Increasing power density is the main culprit behind the need for new package thermal modeling standards. “We're seeing power densities going up at all levels of design — including the chip, package, PCB and system. This is mainly driven by die-level heat dissipation,” said Sherman Ikemoto, business development manager at Flomerics (Surrey, UK), a supplier of analysis software to the electronics industry.
The problem at the package level, explained Ikemoto, is that most system manufacturers are buying their packages from other companies, and have to track down the information required for thermal analysis. Also, the time scales involved in doing the design and getting the product out the door are shrinking, and they need to remove bottlenecks in the process to meet delivery deadlines. These factors all contribute to the need for more standards.
Two soon-to-be-released JEDEC compact thermal modeling standards, known as the 2-Resistor and DELPHI (Development of Libraries of Physical Models for an Integrated Design Environment) models, are several steps of sophistication beyond the existing standard (Theta-JA) and offer reliable, in-application junction temperature prediction. “The DELPHI model is the most accurate, while the 2-Resistor model is fairly accurate,” Ikemoto said. “Engineers now have a choice. It's a little more difficult to derive a DELPHI model relative to the 2-Resistor model, however, so we may not see every package being represented by DELPHI.”
Theta-JA has been in use since the mid-1990s, and has limitations because it's a very simple model. “JEDEC explains that it's only useful for comparing the thermal performance of one package to another, not design work,” Ikemoto elaborated. “It doesn't capture the complex heat-transfer mechanisms found in real packages.”
The 2-Resistor model consists of a junction-to-board resistance and junction-to-case resistance, and provides a coarse junction temperature prediction.
DELPHI is the result of a 1990s research project conducted by a consortium of European companies, which received 50% of their funding from the European Union. This model provides an accurate junction temperature prediction, according to Ikemoto.
Recognizing an emerging need for package and IC co-simulation (Figure) and die-level thermal analysis, Gradient Design Automation (Santa Clara, Calif.), a supplier of full-chip analysis for digital and mixed-signal ICs, teamed up with Flomerics to develop software solutions. The company has created solutions to help chip designers analyze and avoid temperature-induced electrical issues at the chip level, while taking into account the effects of package and ambient conditions.

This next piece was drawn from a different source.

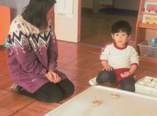 年少さんと年中さんは、福笑いやこまで楽しく過ごしていました。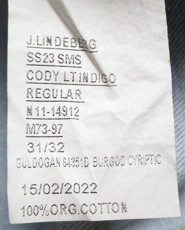 新品 J.リンドバーグ/J.LINDEBERG CODY フラット インディゴ レギュラー ジーンズ 定価26400円/31-32/FMDP07662/レターパック\600/ブルー

Fine-grain thermal analysis and multi-scale chip-package-environment analysis are among the new approaches to thermal modeling. The temperature data derived from these tools can be used to identify thermal hot spots and verify you're meeting TJ-MAX specifications, as well as verify that thermal gradients are harmless, and help with sensor placement, according to Edmund Cheng, Gradient's president and CEO. “It can also more accurately determine the thermal effects on critical aspects of IC designs such as power leakage, voltage drop and timing, signal cross talk and timing, and electromigration,” he added.
Packaging engineers often ask how Cheng knows his fine-grain thermal analysis simulations that produce spiky (as opposed to smooth) temperature profiles are correct at the chip level. “The answer is that our simulation has better resolution than any method of directly checking the measurements, such as IR cameras,” Cheng said. “How can we be checked? First, engineers check very simple things to ensure we correlate well. They check our data against their thermal test vehicles — chips that mimic the thermal behavior of these chip designs being prototyped. Then they'll put thermal diodes on the die and see if they have good information on various areas of the chip. If we show exactly the same temperature as that measurement and come up with pictures that are similar to their IR or thermal measurements, it gives us credibility.”